(Source records)
——
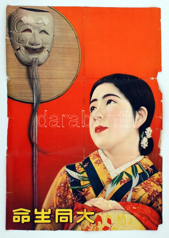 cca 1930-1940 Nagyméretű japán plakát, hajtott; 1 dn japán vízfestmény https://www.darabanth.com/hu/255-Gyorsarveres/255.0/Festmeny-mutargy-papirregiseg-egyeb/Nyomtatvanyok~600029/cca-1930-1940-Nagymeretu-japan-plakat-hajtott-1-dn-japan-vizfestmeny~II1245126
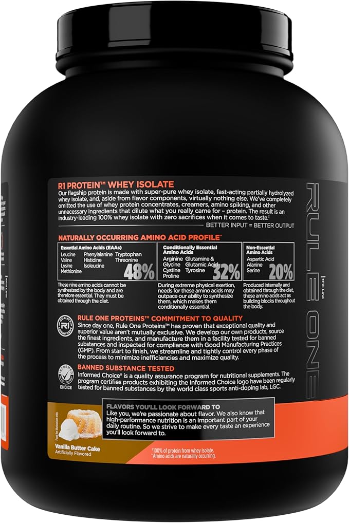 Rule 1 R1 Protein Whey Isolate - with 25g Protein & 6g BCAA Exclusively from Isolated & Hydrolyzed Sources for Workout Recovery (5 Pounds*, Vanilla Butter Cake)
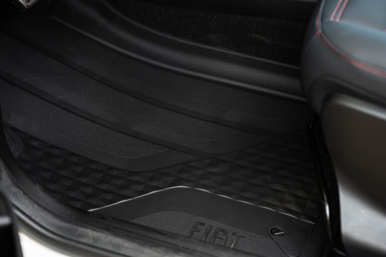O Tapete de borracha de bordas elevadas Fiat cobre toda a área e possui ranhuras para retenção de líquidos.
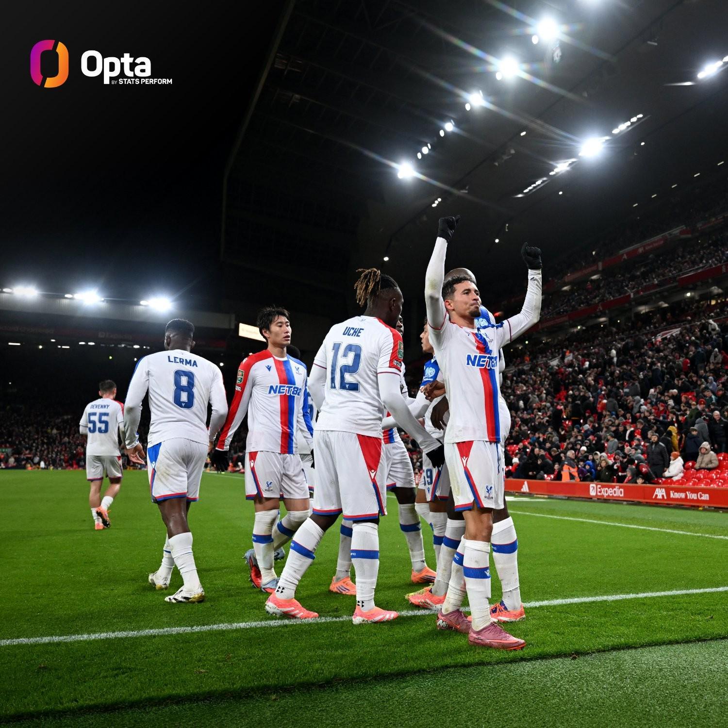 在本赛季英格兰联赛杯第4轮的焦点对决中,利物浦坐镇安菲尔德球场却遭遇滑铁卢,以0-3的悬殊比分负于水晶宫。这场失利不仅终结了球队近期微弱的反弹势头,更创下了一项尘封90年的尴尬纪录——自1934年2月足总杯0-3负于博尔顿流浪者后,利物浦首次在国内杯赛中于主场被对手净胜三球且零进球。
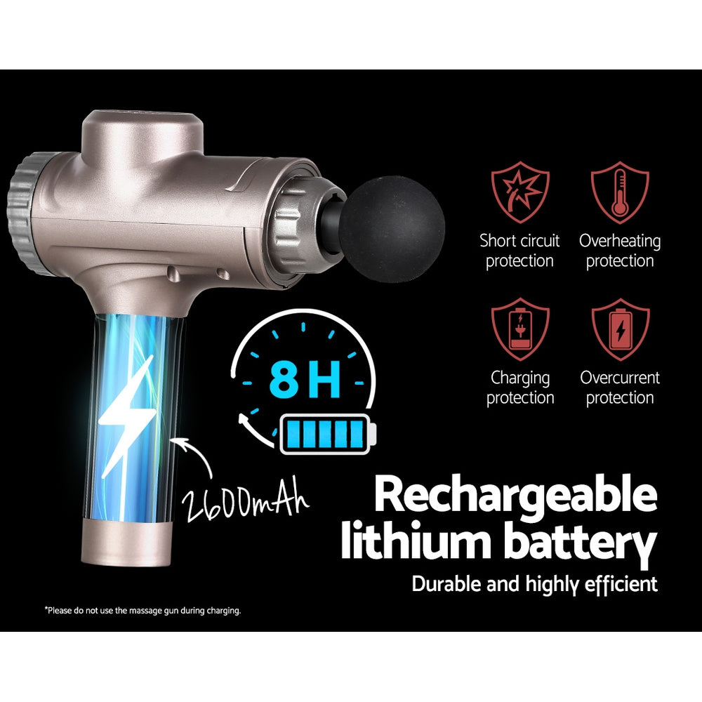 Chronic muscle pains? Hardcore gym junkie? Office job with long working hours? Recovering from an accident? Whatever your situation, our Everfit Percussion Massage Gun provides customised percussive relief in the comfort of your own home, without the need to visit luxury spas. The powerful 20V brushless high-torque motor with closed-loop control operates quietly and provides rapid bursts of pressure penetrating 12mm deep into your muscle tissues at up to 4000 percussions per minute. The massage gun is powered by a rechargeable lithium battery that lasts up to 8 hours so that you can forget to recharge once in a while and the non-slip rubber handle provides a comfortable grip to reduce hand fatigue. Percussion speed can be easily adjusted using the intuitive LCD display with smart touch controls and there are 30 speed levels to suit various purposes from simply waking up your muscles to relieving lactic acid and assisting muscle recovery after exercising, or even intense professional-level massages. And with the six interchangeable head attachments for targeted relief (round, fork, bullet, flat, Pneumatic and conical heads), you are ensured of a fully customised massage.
——
**WORK ITEM**
Word for word, write out the lines from the top of the records above down to the line holding "在本赛季英格兰联赛杯第4轮的", inclusive, but not the pictures.

**RESULT**
 cca 1930-1940 Nagyméretű japán plakát, hajtott; 1 dn japán vízfestmény https://www.darabanth.com/hu/255-Gyorsarveres/255.0/Festmeny-mutargy-papirregiseg-egyeb/Nyomtatvanyok~600029/cca-1930-1940-Nagymeretu-japan-plakat-hajtott-1-dn-japan-vizfestmeny~II1245126
 Rule 1 R1 Protein Whey Isolate - with 25g Protein & 6g BCAA Exclusively from Isolated & Hydrolyzed Sources for Workout Recovery (5 Pounds*, Vanilla Butter Cake)
O Tapete de borracha de bordas elevadas Fiat cobre toda a área e possui ranhuras para retenção de líquidos.
 在本赛季英格兰联赛杯第4轮的焦点对决中,利物浦坐镇安菲尔德球场却遭遇滑铁卢,以0-3的悬殊比分负于水晶宫。这场失利不仅终结了球队近期微弱的反弹势头,更创下了一项尘封90年的尴尬纪录——自1934年2月足总杯0-3负于博尔顿流浪者后,利物浦首次在国内杯赛中于主场被对手净胜三球且零进球。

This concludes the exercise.